# [Your task]
Output, word for word and without pictures, the lines from the one containing "El gran protagonista" through the final line of the listing below.

======== Recorded data

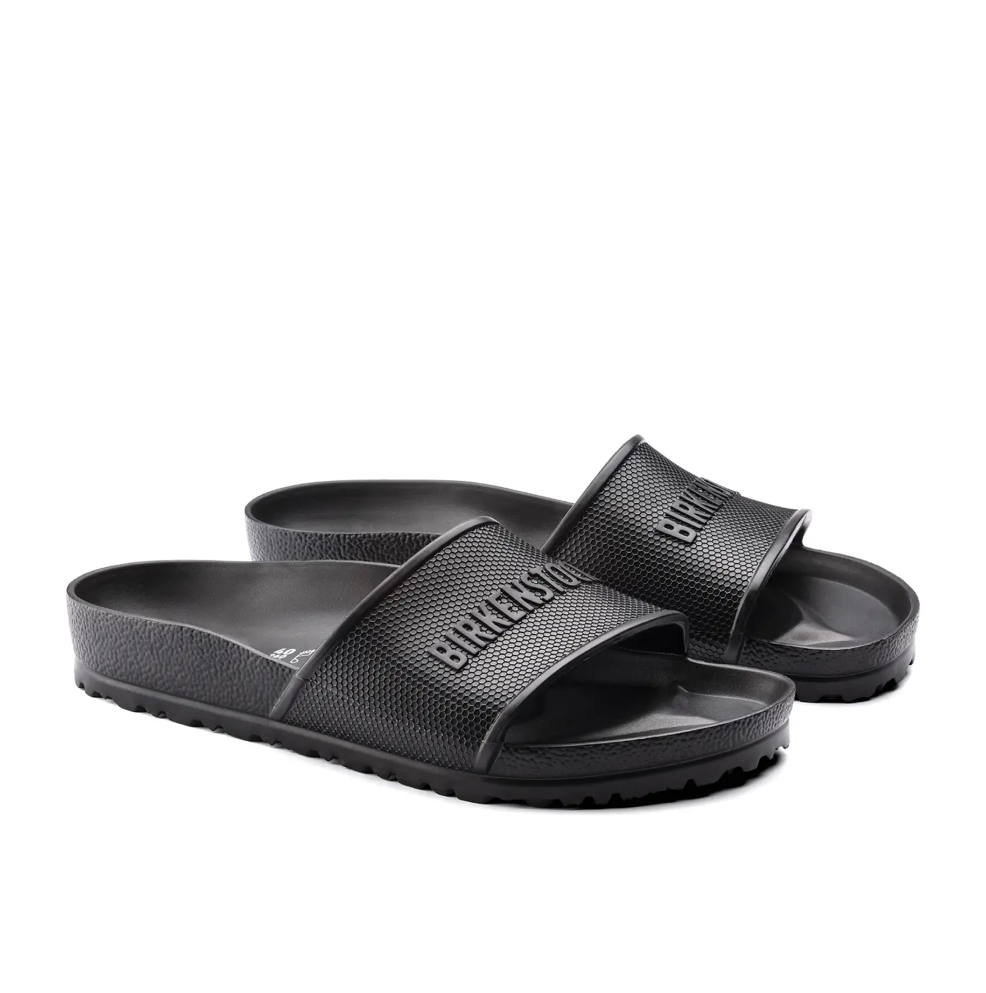 The BIRKENSTOCK Barbados is a sporty slide design with a hexagon pattern and logo lettering. Modeled on the cork sandal, this sandal is made from one piece of light, flexible and waterproof molded EVA.
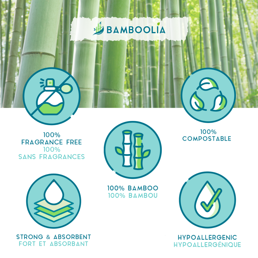 - 100% Bamboo, Hypoallergenic, Unbleached, Septic Safe, Compostable
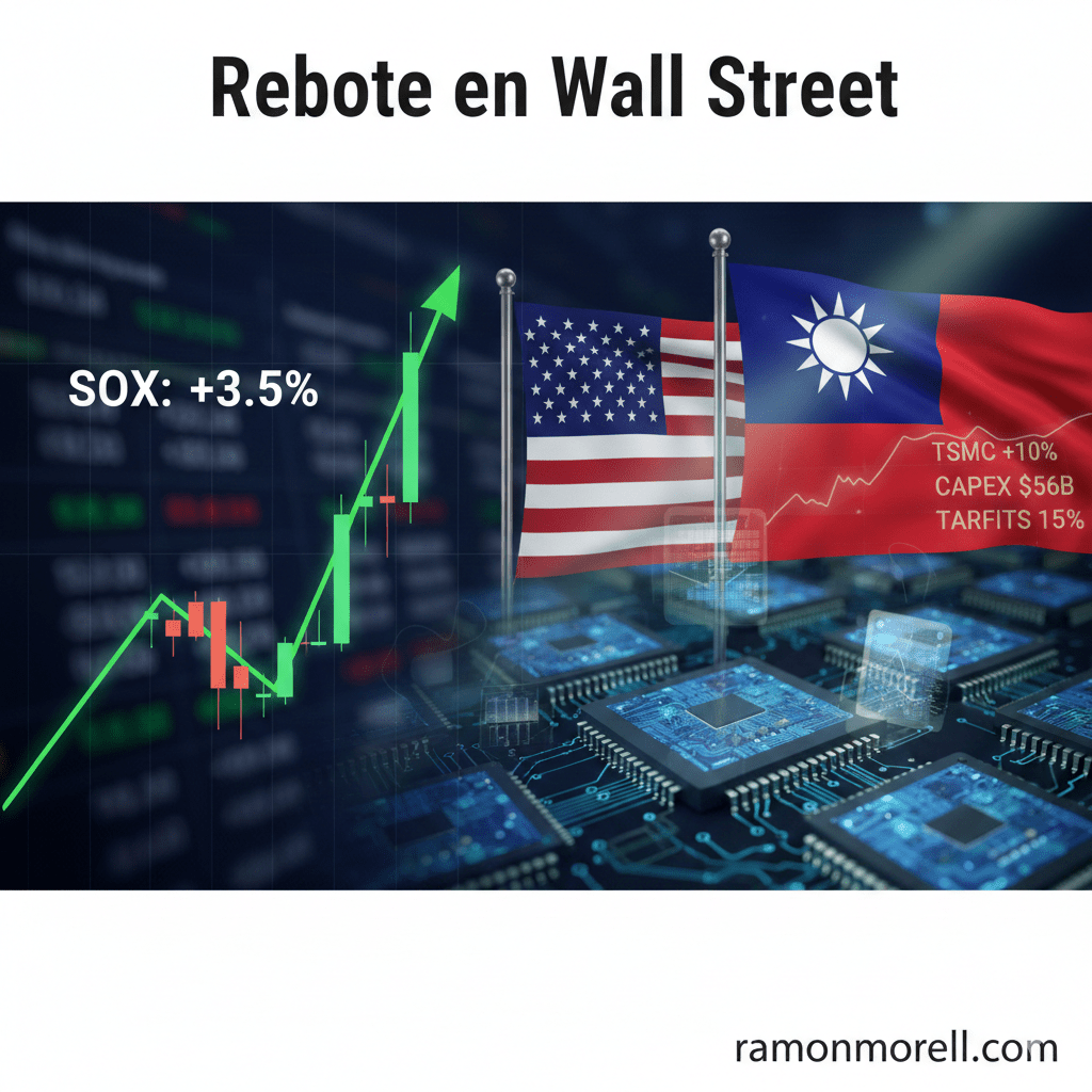 El gran protagonista de la jornada ha sido Taiwan Semiconductor Manufacturing Co. (TSMC). Sus resultados del cuarto trimestre de 2025 no solo han superado las expectativas, sino que su anuncio de un gasto de capital (Capex) de 56.000 millones de dólares para 2026 ha actuado como una inyección de adrenalina para un sector tecnológico que empezaba a mostrar signos de fatiga.
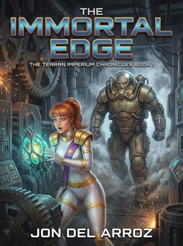 Dive into The Immortal Edge by Jon Del Arroz where Imperial Special Agent Ayla Rin uncovers a deadly conspiracy tied to a revolutionary immortality spore held by ruthless space pirates, forcing her into a high-stakes race across the stars to stop sinister forces from erasing humanity forever.

================

# [Exercise answer]
 El gran protagonista de la jornada ha sido Taiwan Semiconductor Manufacturing Co. (TSMC). Sus resultados del cuarto trimestre de 2025 no solo han superado las expectativas, sino que su anuncio de un gasto de capital (Capex) de 56.000 millones de dólares para 2026 ha actuado como una inyección de adrenalina para un sector tecnológico que empezaba a mostrar signos de fatiga.
 Dive into The Immortal Edge by Jon Del Arroz where Imperial Special Agent Ayla Rin uncovers a deadly conspiracy tied to a revolutionary immortality spore held by ruthless space pirates, forcing her into a high-stakes race across the stars to stop sinister forces from erasing humanity forever.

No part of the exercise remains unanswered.